Task:
Please print exactly the lines from the one containing "据英国卫生保障部公布,截止当" through the last line of the records, and only those. Leave out any pictures.

Exercise data:
Segment Open
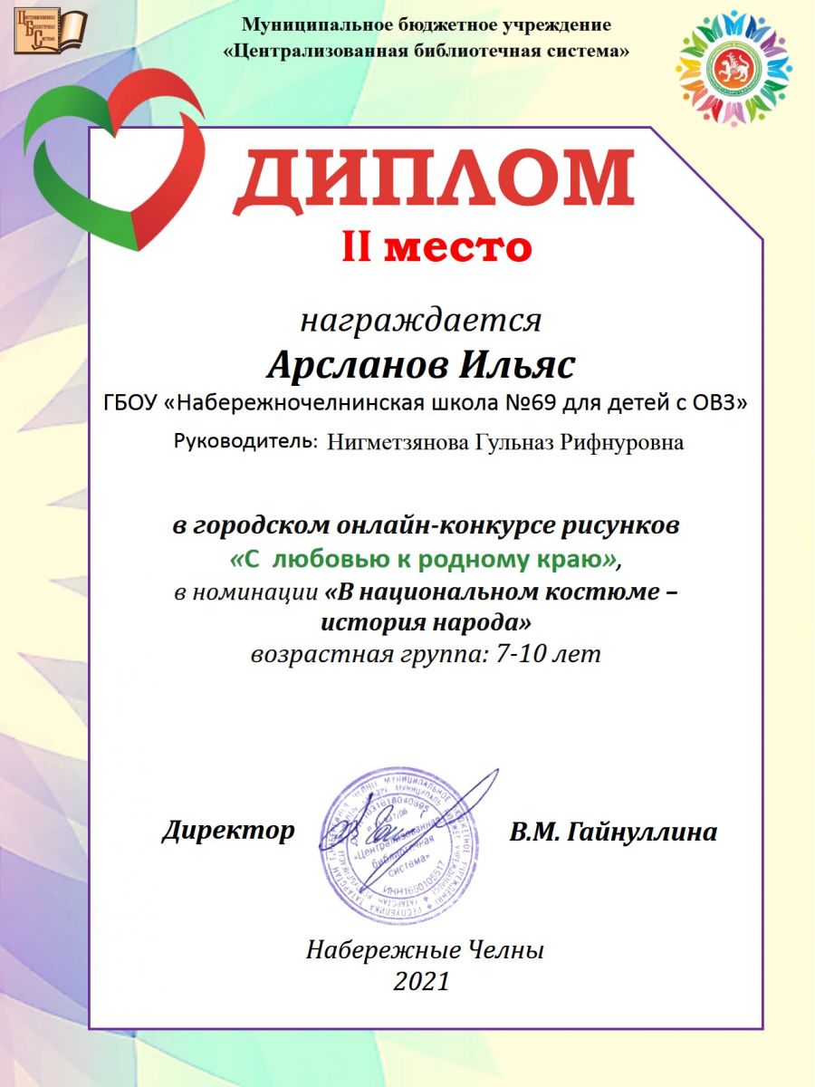 3нче б сыйныфы укучысы Арсланов Ильяс Яр Чаллы шәһәренең Үзәк китапханәсе оештырган “Туган төбәгемә мәхәббәт белән ” дип исемләнгән онлайн рәсем конкурсының “Милли киемнәрдә – халкым тарихы ” номинациясендә катнашты. Конкурсның төп максаты : үсеп килүче буыннарда патриотизм хисе һәм Туган илгә мәхәббәт тәрбияләү. Бурычлары булып Татарстан халыкларының гореф – гадәтләре һәм мәдәнияте белән таныштыру, балалар һәм яшьүсмерләрнең иҗади сәләтләрен үстерү алынды. Ильяс 2 нче дәрәҗә Диплом белән бүләкләнде.
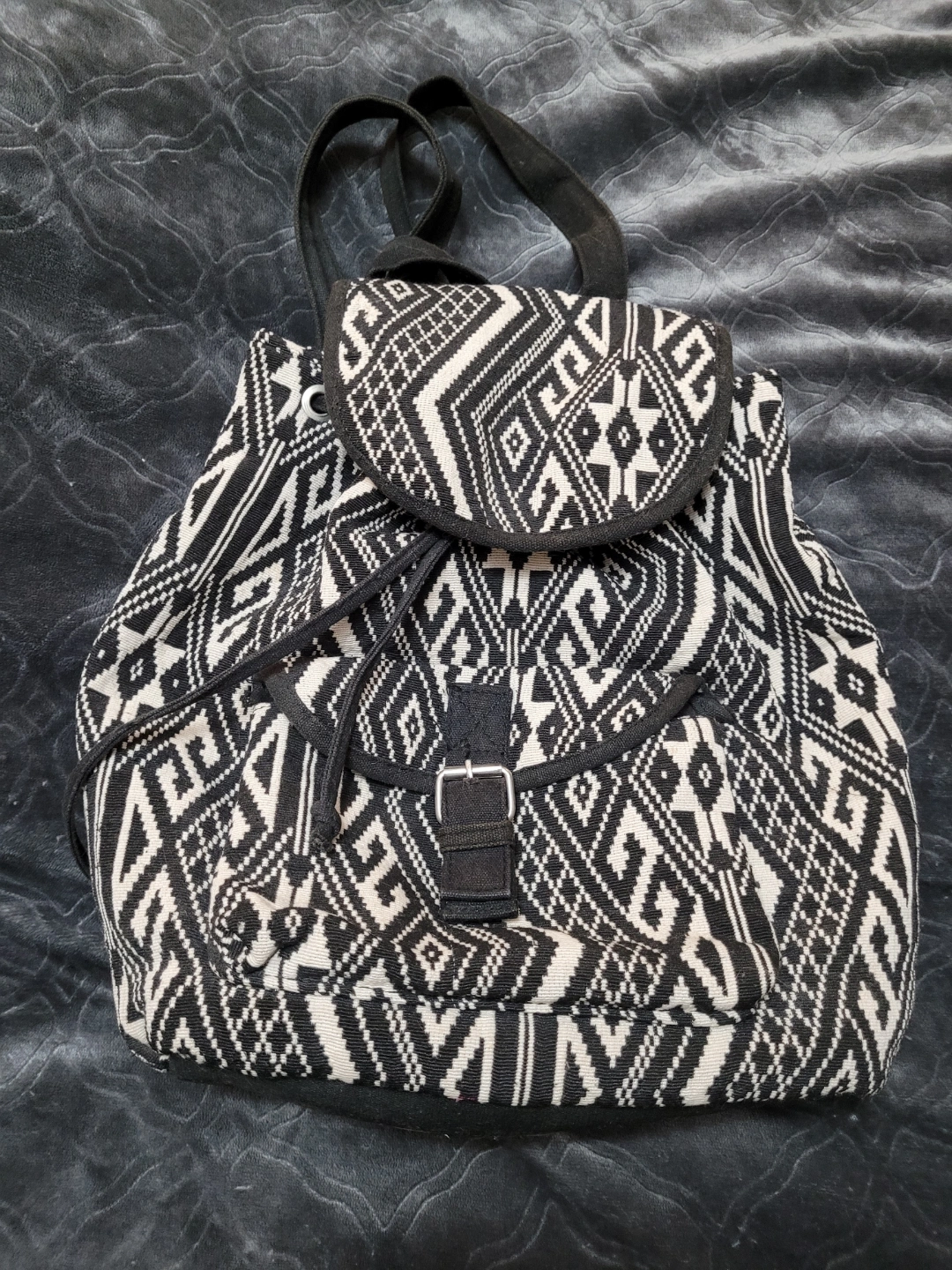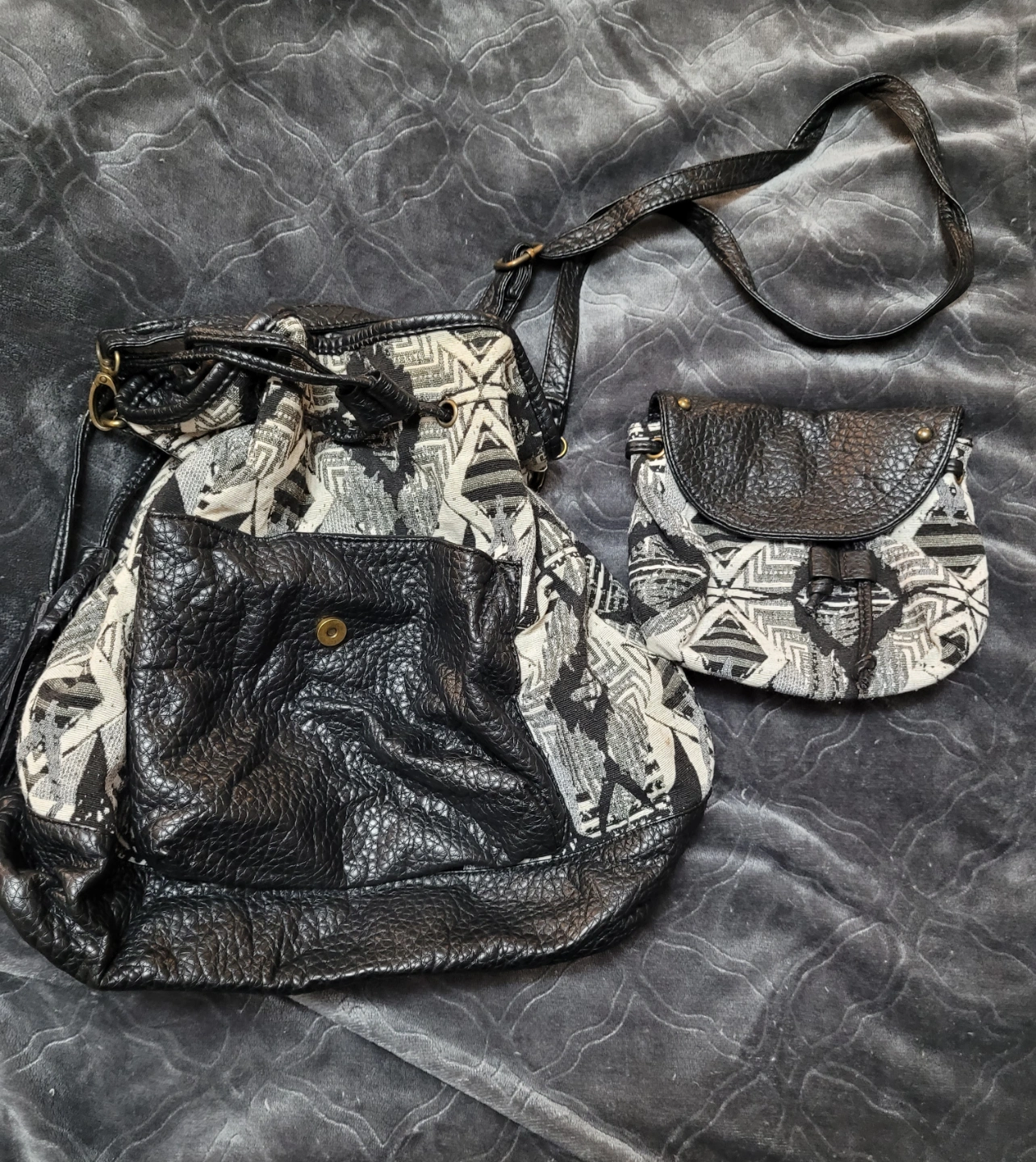 Set of two bags. One black faux leather drawstring cross body purse, that has a smaller detachable purse in the front pocket that the straps can attach to , so either purse can be used. And one black and white patterned backpack, quite roomy. Both have adjustable straps. Great for everyday use or travel.
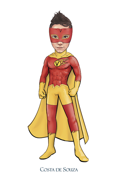 Apresento a vocês o super herói Velocit, criação de um cliente que pediu sua caricatura e também o logotipo da equipe do qual o herói faz parte, a Liga Calção.
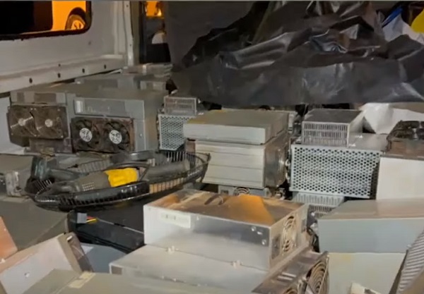 Finalmente metieron al lugar un furgón y cargaron las maquinas generadoras de bitcoins y escaparon del lugar.
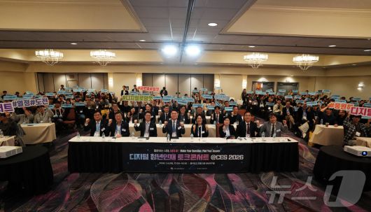 (서울=뉴스1) = 과학기술정보통신부가 6일 오후(현지시간) 미국 라스베이거스 플라밍고 호텔에서 ‘디지털 청년인재 토크콘서트@CES 2026’ 행사를 개최했다고 7일 밝혔다. 사진은 류제명 과학기술정보통신부 제2차관(앞줄 왼쪽 네 번째)이 참석자들과 기념촬영하는 모습. (과학기술정보통신부 제공. 재판매 및 DB 금지) 2026.1.7/뉴스1
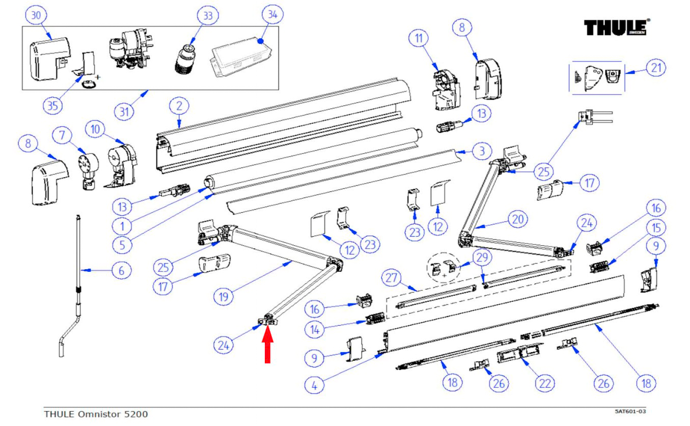Gelenkarmbefestigungs-Satz vorne passend zu Thule Omnistor 5200 Satz: links und rechts
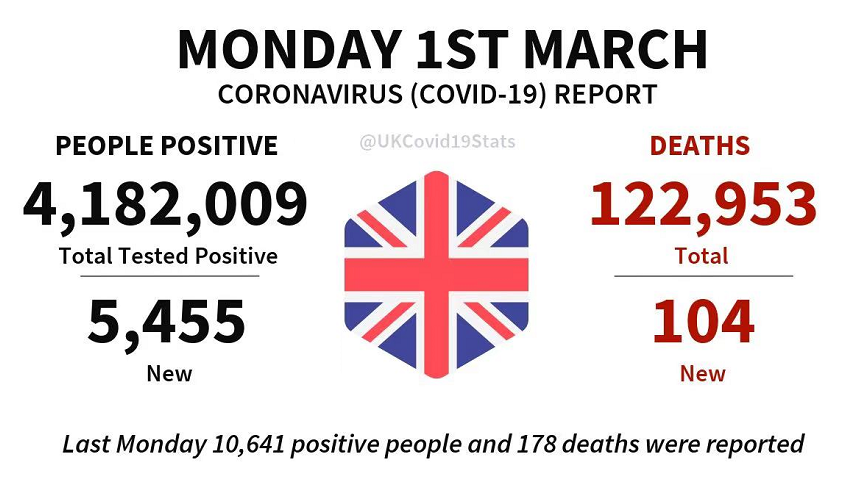 据英国卫生保障部公布,截止当地时间3月1日,英国新增新冠肺炎确诊病例5455例,累计确诊4182099例,新增死亡病例104例,死亡总计122953例。
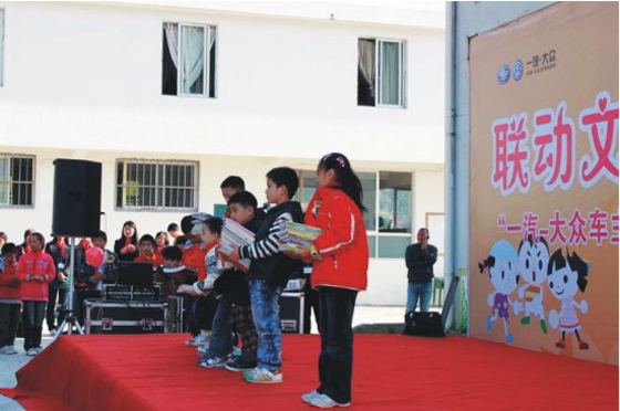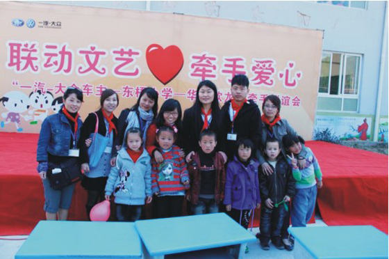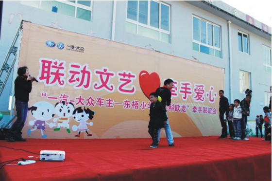 东梧小学为我们的这次爱心活动准备了丰富多彩的节目,同时我们和萤火虫义工团的工作人员进行的手语表演、兔子舞、影集展示将整场活动带向了高潮,特别是影集展示较为集中的展现了我们历次志愿活动,这在一定程度上传播了我们的志愿者精神。整个活动最后在大众公司举行的赠书仪式中落下帷幕。而我们不得不带着依依不舍的心情离开东梧小学,踏上归途。
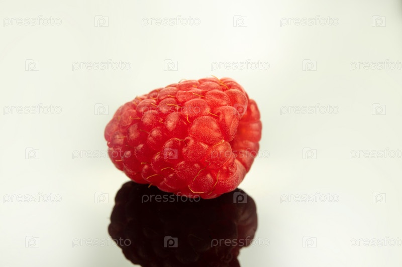 Сочная спелая малина с отражением снизу. Ягода блестит от сладкого сока
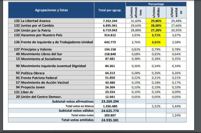 En tanto, Unión por la Patria, la coalición oficialista que tiene a Sergio Massa como aspirante al sillón de Rivadavia, sumó 27,28 por ciento (6.719.042 votos).
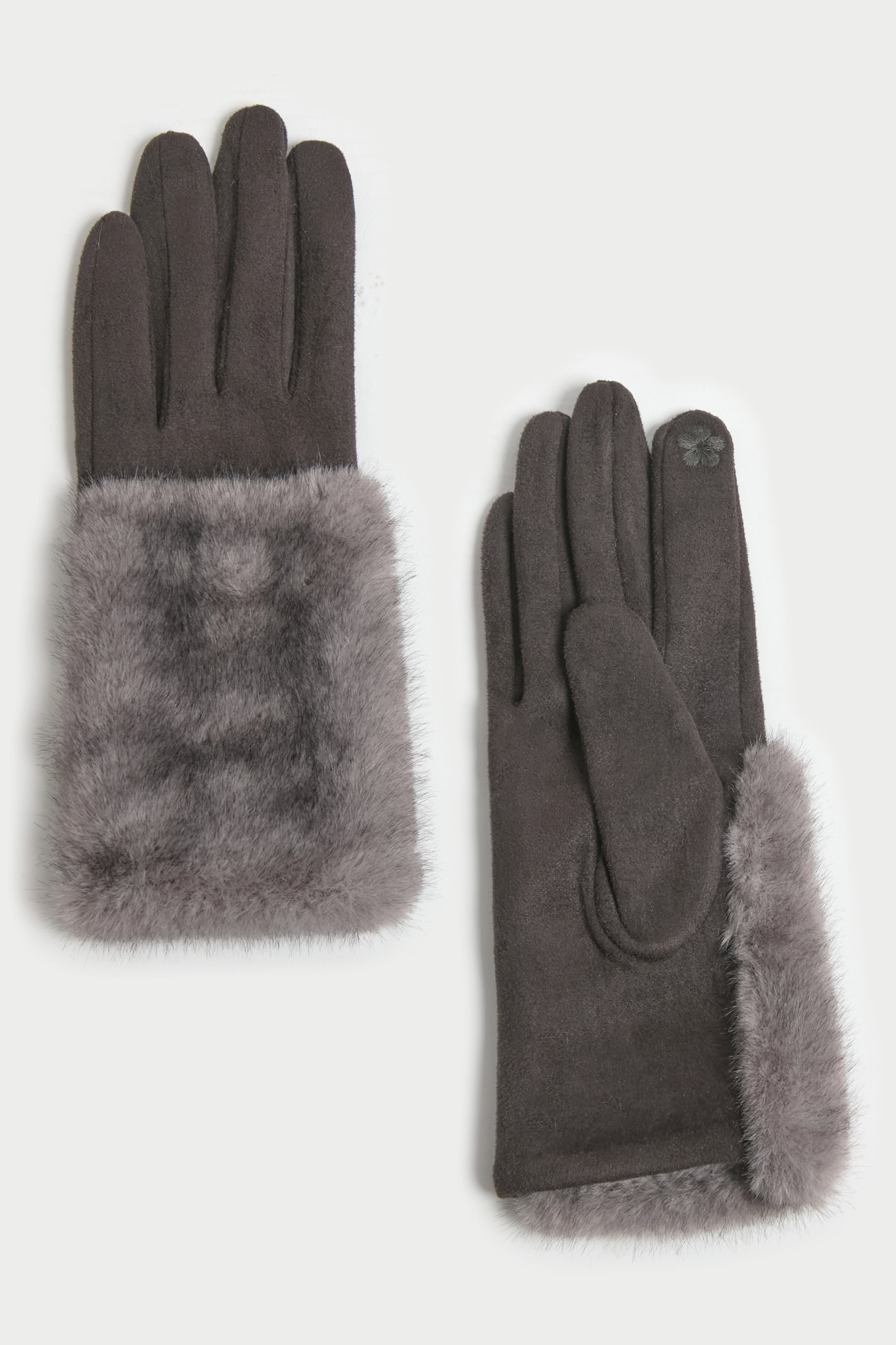 Suede gloves with gradient fur patch trim
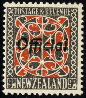 Officials. 1938 9d red and grey-black with green overprint, large part o.g. SG O129, cat...
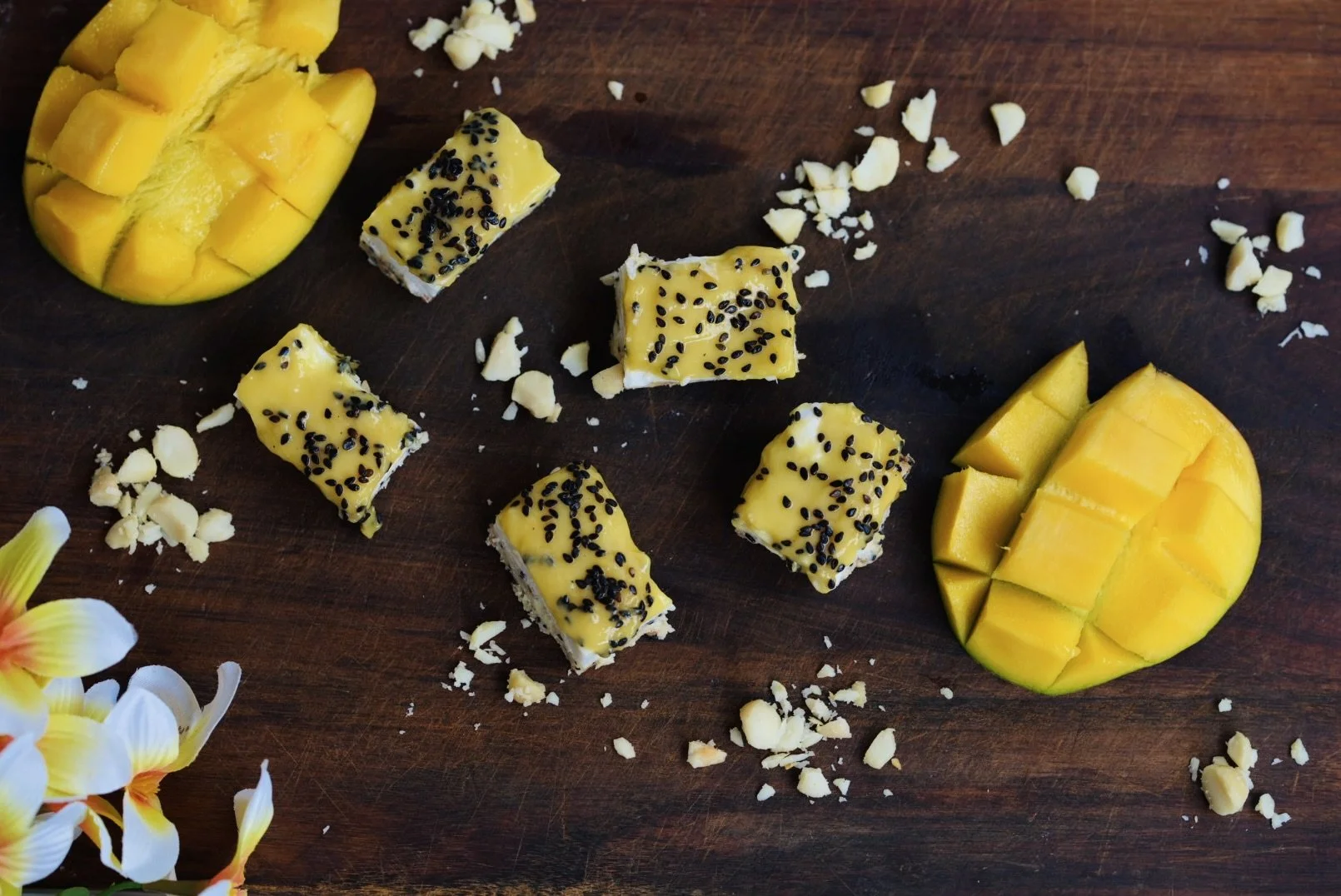 Mango Haupia Bars w/ Black Sesame Shortbread
Segment Closed
Response to the exercise:
 据英国卫生保障部公布,截止当地时间3月1日,英国新增新冠肺炎确诊病例5455例,累计确诊4182099例,新增死亡病例104例,死亡总计122953例。
 东梧小学为我们的这次爱心活动准备了丰富多彩的节目,同时我们和萤火虫义工团的工作人员进行的手语表演、兔子舞、影集展示将整场活动带向了高潮,特别是影集展示较为集中的展现了我们历次志愿活动,这在一定程度上传播了我们的志愿者精神。整个活动最后在大众公司举行的赠书仪式中落下帷幕。而我们不得不带着依依不舍的心情离开东梧小学,踏上归途。
 Сочная спелая малина с отражением снизу. Ягода блестит от сладкого сока
 En tanto, Unión por la Patria, la coalición oficialista que tiene a Sergio Massa como aspirante al sillón de Rivadavia, sumó 27,28 por ciento (6.719.042 votos).
 Suede gloves with gradient fur patch trim
 Officials. 1938 9d red and grey-black with green overprint, large part o.g. SG O129, cat...
 Mango Haupia Bars w/ Black Sesame Shortbread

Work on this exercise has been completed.